This project is not complete. I am still working on it and not yet able to produce any results. The best use of this project could be to understand how one can tackle Machine Comprehension task using Keras library.
Context based Question-Answering model based on NeuralQA paper for Stanford SQuAd Dataset.
- keras 2.0 [tensorflow backend]
- tensorflow 1.0
To start training the model you must download the Stanford SQuAD datset from their website. Its a small json file (less than 50mb). Afterwards, executing the Save_Data.py will process data ready to be trained upon and save the data in .h5 files(won't take much time). Also the dictionary to convert words to vectors will be saved in .npy format. Once the data is ready Machine_Comprehens_Glove_WordEmbeddings.py can be executed.
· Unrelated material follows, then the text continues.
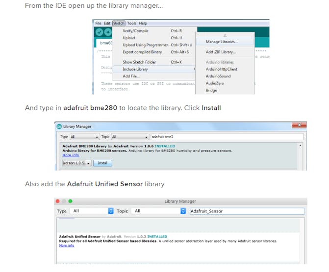 To begin reading sensor data, you will need to install the Adafruit_BME280 library (code on Adafruit github repository). It is available from the Arduino library manager.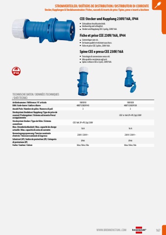 WWW.BRENNENSTUHL.COM 167STROMVERTEILER / BO%u00ceTIERS DE DISTRIBUTION / DISTRIBUTORI DI CORRENTEStecker, Kupplungen & Steckdoseneins%u00e4tze/ Fiches, raccords & inserts de prise/ Spine, prese e inserti a bicchiereSTROMVERTEILER / BO%u00ceTIERS DE DISTRIBUTION / DISTRIBUTORI DI CORRENTEStecker, Kupplungen & Steckdoseneins%u00e4tze/ Fiches, raccords & inserts de prise/ Spine, prese e inserti a bicchiereCEE-Stecker und Kupplung 230V/16A, IP44%u25a0 Schraublose Anschlusstechnik.%u25a0 Hochwertig und schlagfest.%u25a0 Stecker und Kupplung CEE 3-polig, 230V/16A.Fiche et prise CEE 230V/16A, IP44%u25a0 Connectique sans vis.%u25a0 De haute qualit%u00e9 et r%u00e9sistant aux chocs.%u25a0 Fiche et prise CEE 3 p%u00f4les, 230V/16A.Spine CEE e presa CEE 230V/16A%u25a0 Tecnologia di connessione senza viti.%u25a0 Alta qualit%u00e0 e resistenza agli urti.%u25a0 Spina e attacco CEE a 3 poli, 230V/16A.TECHNISCHE DATEN / DONN%u00c9ES TECHNIQUES / DATI TECNICIArtikelnummer/ R%u00e9f%u00e9rence / N%u00b0 articolo 1081010 1081020EAN/ Code-barre / Codice a Barre 4007123029143 4007123029150Anzahl Pole / Nombre de p%u00f4les/ Numero di poli 3 3Stecksystem Steckdose/ Kupplung / Type de prise de courant/ Prolongateur/ Sistema ad innesto Presa/ accoppiamentoCEE 1x 16A 2P+PE (3p) 230VStecksystem Stecker/ Type de fiche / Sistema connettore CEE 16A 2P+PE (3p) 230VMax. Strombelastbarkeit/ Max. capacit%u00e9 de charge actuelle / Max. capacit%u00e0 di carico di corrente 16 A 16 ANenneingangsspannung / Tension nominale d%u2019entr%u00e9e / Tensione nominale di ingresso 230 V / 230 V~ 230 V / 230 V~Schutzart (IP)/ Indice de protection (IP)/ Categoria di protezione (IP) IP44 IP44Farbe / Couleur/ Colore blau/ bleu/ blu blau/ bleu/ bluIP44

It will start 10 epochs on complete dataset having more than 119000 unique words. To get better results epochs must be increased but this model is computationaly very expensive even for 10 epochs. You need more than 8gb RAM for storing pre-trained glove embeddings of just 50 dimension. Increasing the dimension of Embeddings will further increase the memory required to train the model. I was unable to run this model for more than 1 epoch due to restricted memory and now I need to increase the memory to train it effecctively. Once I train the model I will upload the training file and the results.
Other notebooks are given for reference purpose like:
- How data is preprocessed
- How word and char embeddings are computed using CNN and LSTM (both of them had their pros and cons)
- How Glove embeddings are used rather than training the model to learn them from scratch.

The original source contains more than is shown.